**Activity**
When you copy the data, keep every word exactly as it is and leave the pictures out.

**Given information**
--------------------------------

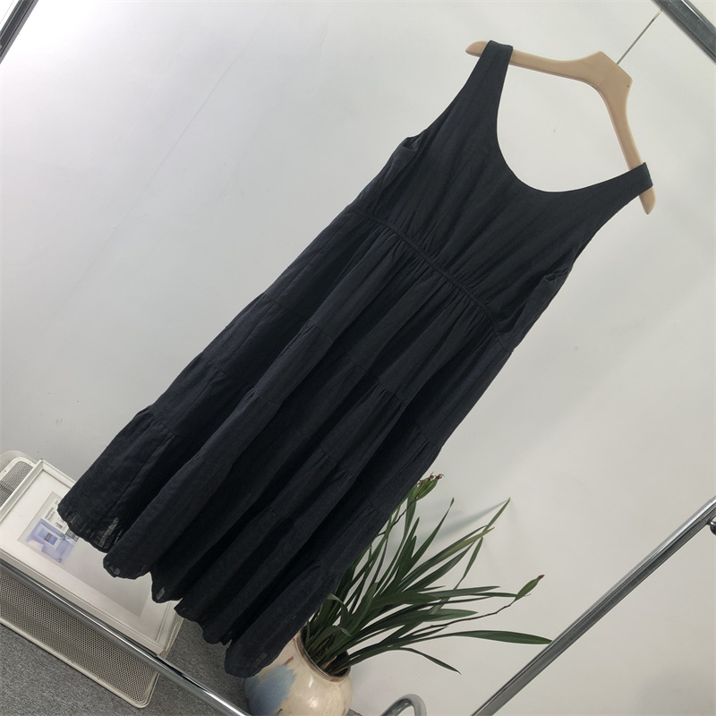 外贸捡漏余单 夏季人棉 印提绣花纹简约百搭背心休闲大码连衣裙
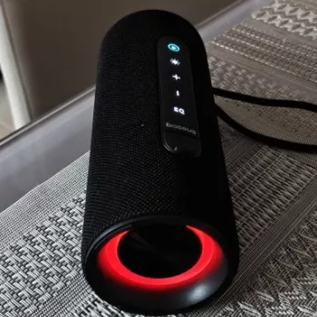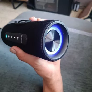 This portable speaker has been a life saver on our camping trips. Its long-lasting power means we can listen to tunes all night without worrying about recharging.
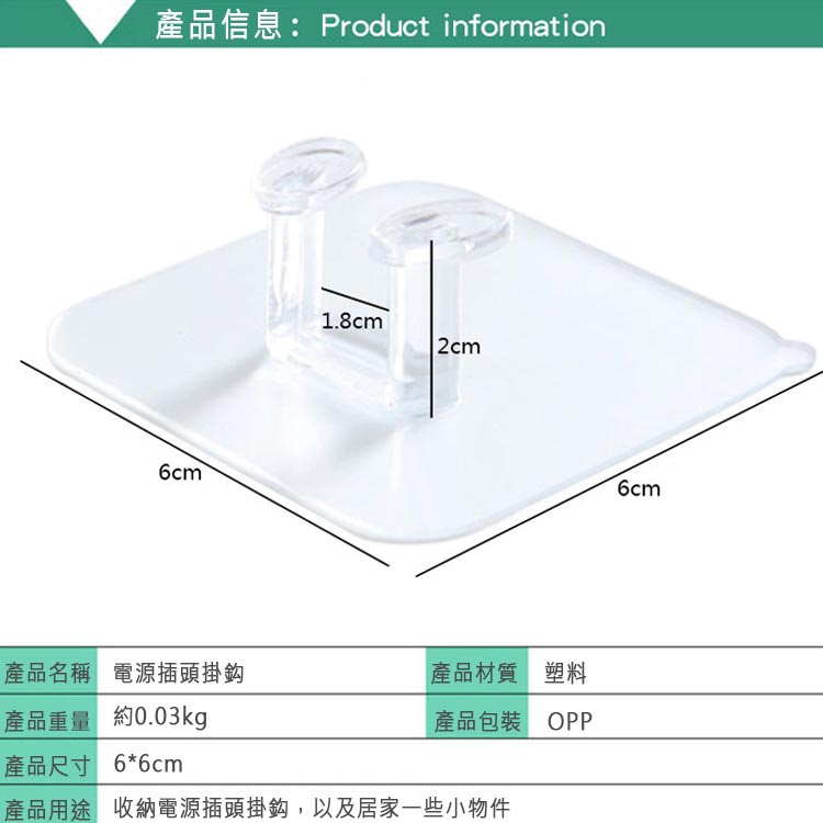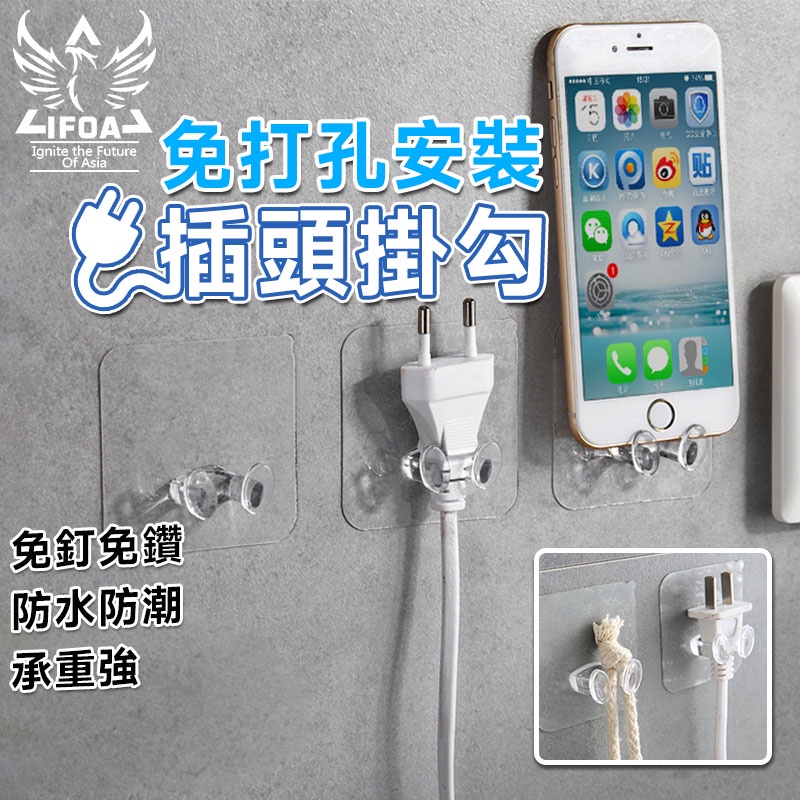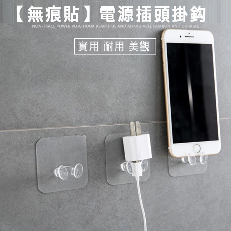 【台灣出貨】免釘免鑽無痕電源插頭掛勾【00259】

--------------------------------

**Answer to this exercise**
 外贸捡漏余单 夏季人棉 印提绣花纹简约百搭背心休闲大码连衣裙
 This portable speaker has been a life saver on our camping trips. Its long-lasting power means we can listen to tunes all night without worrying about recharging.
 【台灣出貨】免釘免鑽無痕電源插頭掛勾【00259】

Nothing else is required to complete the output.